McKenzie suggested that after the U.S. left Afghanistan it took pressure off the terrorist organization, allowing it to plan attacks abroad. McKenzie pointed out that the U.S. presence in Syria and Iraq is sufficient to keep the threat from growing in those countries. He criticized the complete withdrawal from Afghanistan as a contributing factor to the growth of terrorism.

McKenzie believes that the country would be safer if Biden had left troops behind as a stabilizing force. He said that as it stands, there’s no oversight in Afghanistan allowing these groups to blossom. McKenzie highlighted that large attacks are still difficult to plan without being detected and highlighted a warning the U.S. issued to the Kremlin in advance of the attacks.

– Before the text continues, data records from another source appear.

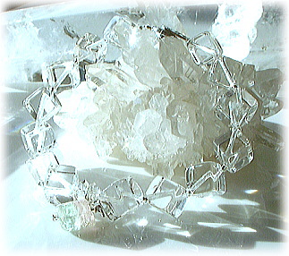 透明感たっぷりの水晶のクリアな部分のみにこだわり、まずは立方体にカットし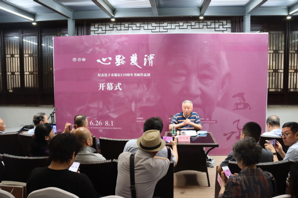 为迎接中华人民共和国成立75周年,深入学习宣传贯彻习近平文化思想,积极传承和弘扬中华优秀传统文化,6月26日,由苏州市文学艺术联合会主办,苏州市文艺之家、苏州市书法家协会承办,苏州城市学院党委宣传部协办的“心迹双清——纪念沈子丞诞辰120周年书画展”在吴门书道馆举办。苏州市文联党组成员、副主席沈鸣,著名学者、书法家华人德,我校党委常委、宣传部部长仲宏,我校师生代表以及书法爱好者等百余人共同参加了本次活动。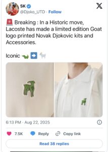 Francuski modni brend „Lakost“ zamenio je čuveni logo krokodila za kozu u čast Novaka Đokovića, najboljeg srpskog tenisera.

McKenzie suggested the Russians blew off the warning, but Russian sources have countered that the information was too vague to be actionable. Foreign Intelligence boss Sergey Naryshkin speaking with Russian outlet Russia Today said that the warning couldn’t be used to identify the attackers or the venue.

Russia had previously accused the attackers of being affiliated with Ukraine and also drew attention to the U.S. State Department’s efforts to absolve Ukrainian President Zelensky or any high-level Ukrainian officials of involvement in the plot.

Russia’s foreign intelligence agency claimed that the Biden administration fears any evidence Ukraine was involved in the plot as it would jeopardize further funding of the Ukrainian war effort by the American taxpayer.

A $66 billion compromise bill is being floated for when Congress returns on April 9th. The bill includes funding for Ukraine, Israel, and Taiwan and some meager border protections.